* [WORK ORDER]:
Your copy of the entries below should hold exactly the lines from the one containing "- Il fournit" to the one containing "cleaner and tidy", inclusive, and no pictures.

* [THE RECORDS]:
_ _ _

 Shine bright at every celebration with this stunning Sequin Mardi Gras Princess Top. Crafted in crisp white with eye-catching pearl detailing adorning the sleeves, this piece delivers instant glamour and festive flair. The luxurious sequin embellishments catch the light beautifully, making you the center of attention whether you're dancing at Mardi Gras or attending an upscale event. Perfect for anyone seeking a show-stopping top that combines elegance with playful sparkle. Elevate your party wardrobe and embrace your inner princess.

_ _ _

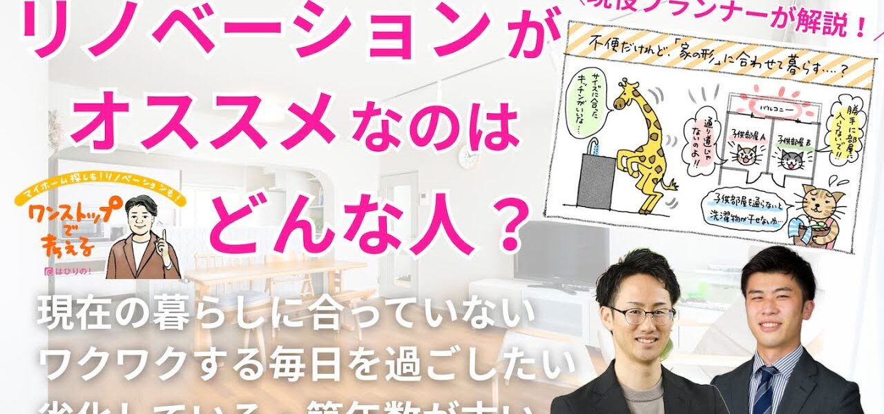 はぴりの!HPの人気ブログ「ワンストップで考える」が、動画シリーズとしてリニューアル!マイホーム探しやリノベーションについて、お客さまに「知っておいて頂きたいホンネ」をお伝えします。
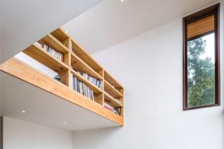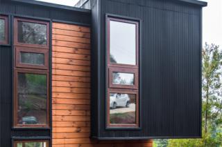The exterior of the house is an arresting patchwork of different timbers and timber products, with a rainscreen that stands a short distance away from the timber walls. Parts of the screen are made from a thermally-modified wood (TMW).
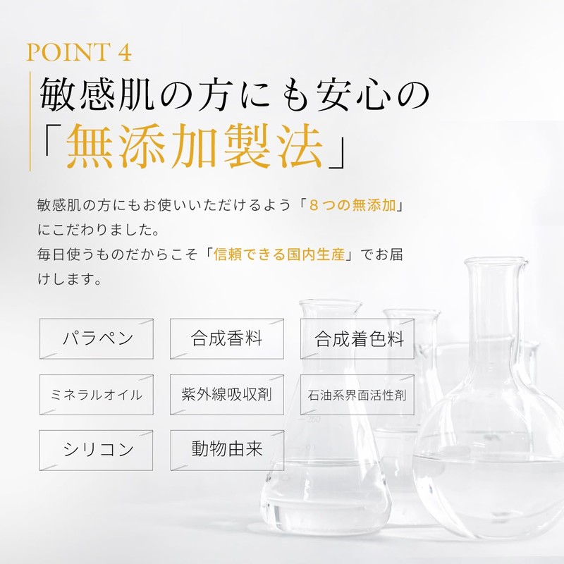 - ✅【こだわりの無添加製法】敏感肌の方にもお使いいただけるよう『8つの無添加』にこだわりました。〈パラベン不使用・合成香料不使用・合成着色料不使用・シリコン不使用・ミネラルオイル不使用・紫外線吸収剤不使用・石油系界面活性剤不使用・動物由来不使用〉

_ _ _

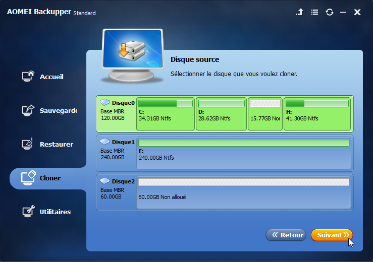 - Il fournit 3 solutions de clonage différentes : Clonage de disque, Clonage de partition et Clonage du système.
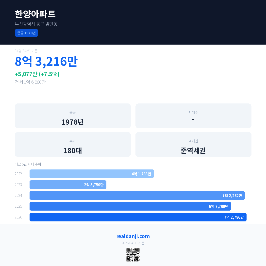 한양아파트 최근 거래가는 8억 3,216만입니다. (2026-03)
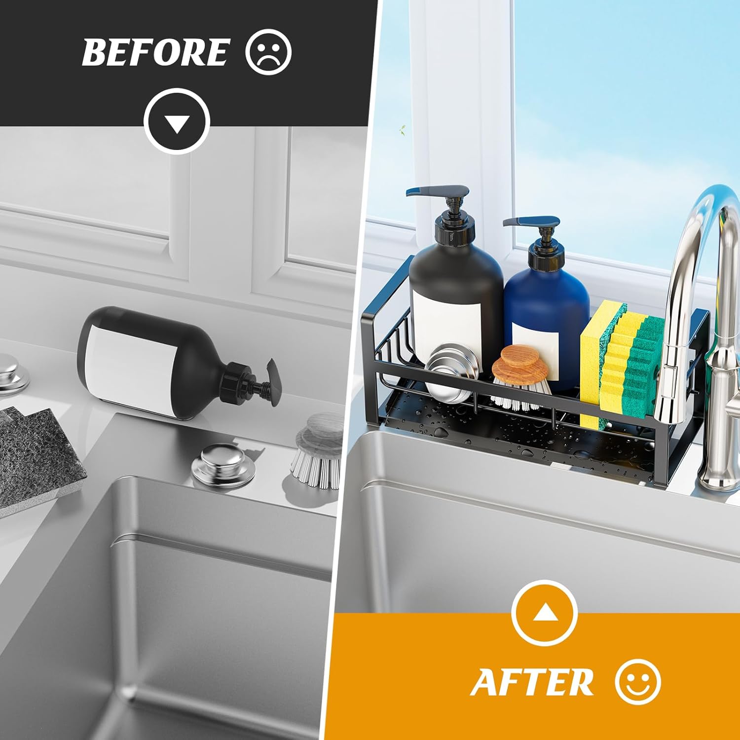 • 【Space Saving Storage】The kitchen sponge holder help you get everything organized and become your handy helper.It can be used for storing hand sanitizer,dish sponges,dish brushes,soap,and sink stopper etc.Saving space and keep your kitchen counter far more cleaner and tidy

_ _ _

* [TASK OUTPUT]:
 - Il fournit 3 solutions de clonage différentes : Clonage de disque, Clonage de partition et Clonage du système.
 한양아파트 최근 거래가는 8억 3,216만입니다. (2026-03)
 • 【Space Saving Storage】The kitchen sponge holder help you get everything organized and become your handy helper.It can be used for storing hand sanitizer,dish sponges,dish brushes,soap,and sink stopper etc.Saving space and keep your kitchen counter far more cleaner and tidy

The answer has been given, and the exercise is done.